#### Problem description:
Set the images aside and retype the whole listing exactly.

#### Recorded data:
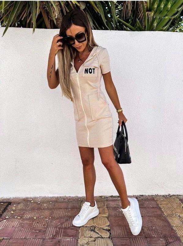Літня спортивна сукня на блискавці арт. fish. 1053 Розміри: 42-44, 44-46 Тканина: двонитка Кольори: чорний, білий, беж
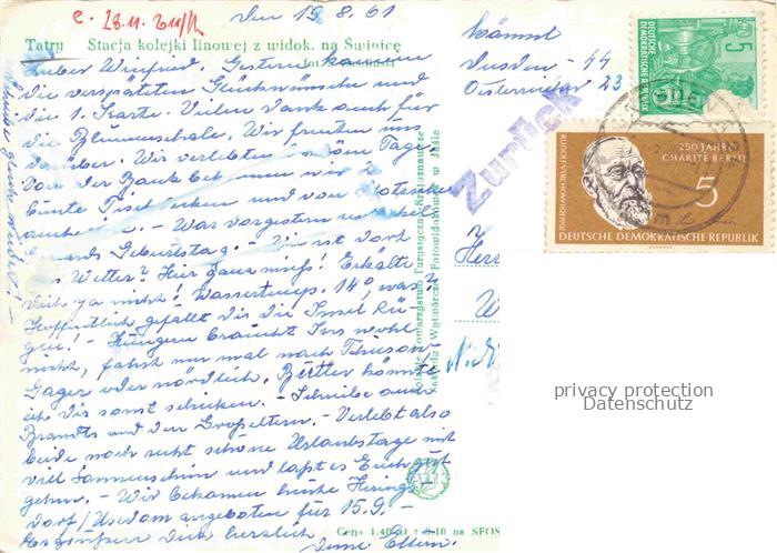 74132584 old postcard Tatry Vysoke Wysokie SK Stacja kolejki linou e z widok na Swinice Bergbahn Panorama Tatragebirge postalisch gelaufen Erhaltung siehe scans [FriedD77] KatCode: 11490
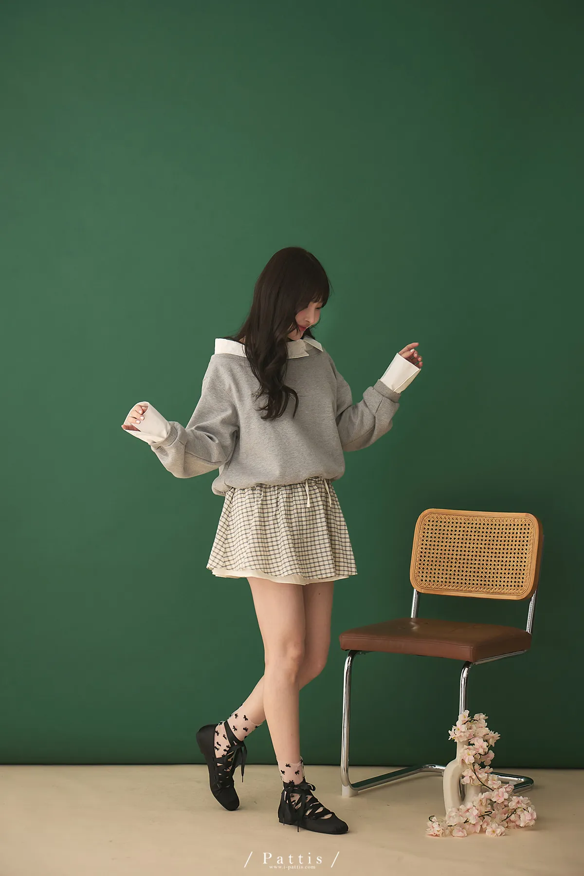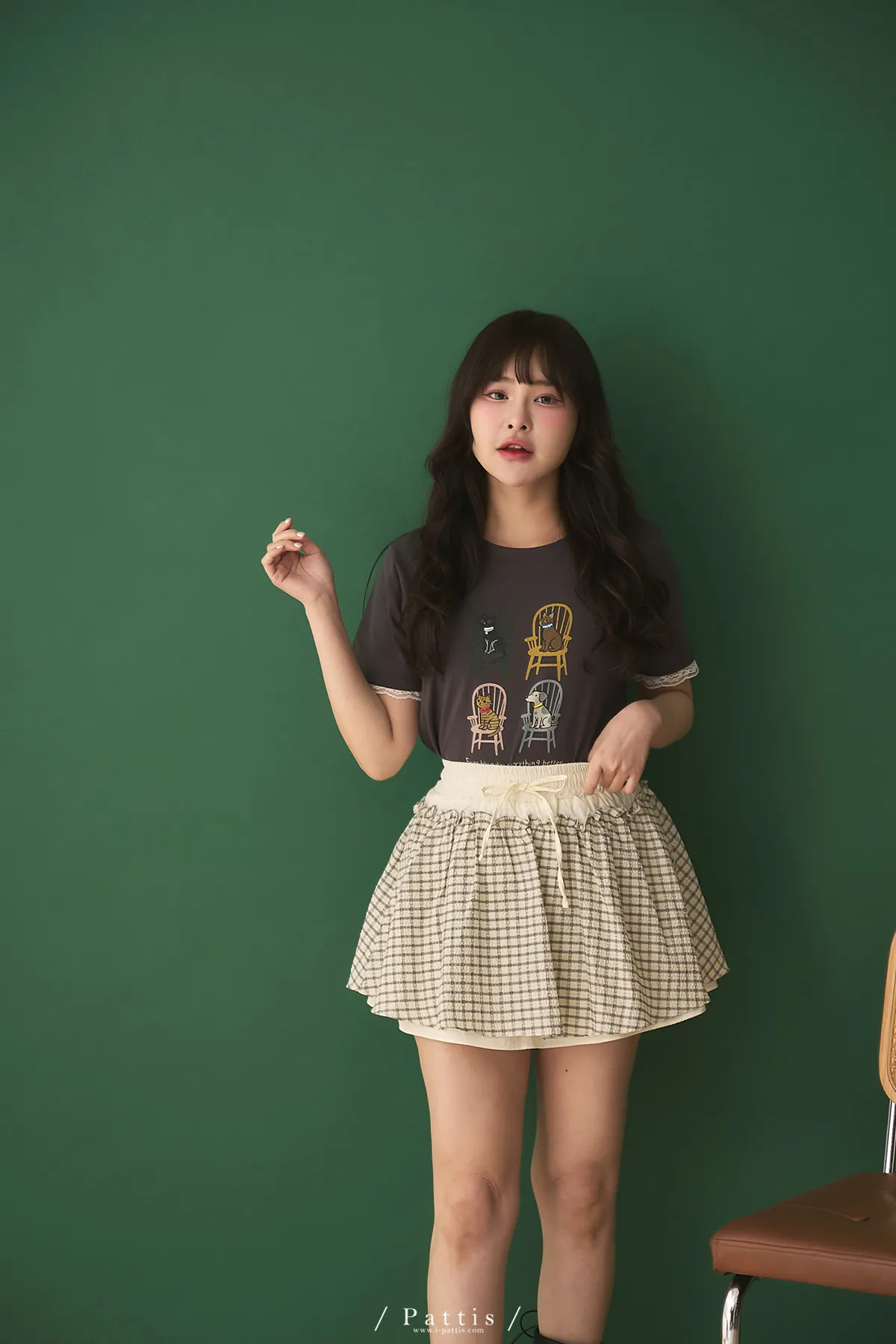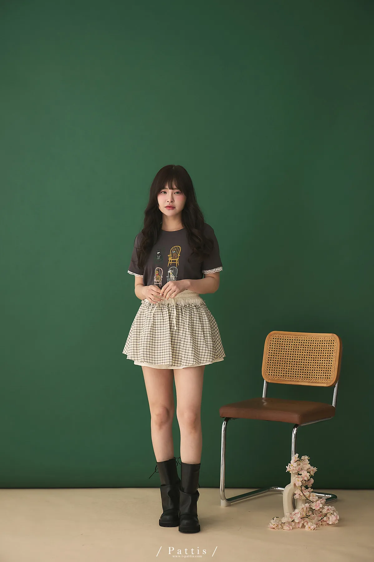 失去詞彙的草稿 | 雙層格紋抽繩鬆緊腰短褲裙(米白)

#### Reply to the task:
Літня спортивна сукня на блискавці арт. fish. 1053 Розміри: 42-44, 44-46 Тканина: двонитка Кольори: чорний, білий, беж
 74132584 old postcard Tatry Vysoke Wysokie SK Stacja kolejki linou e z widok na Swinice Bergbahn Panorama Tatragebirge postalisch gelaufen Erhaltung siehe scans [FriedD77] KatCode: 11490
 失去詞彙的草稿 | 雙層格紋抽繩鬆緊腰短褲裙(米白)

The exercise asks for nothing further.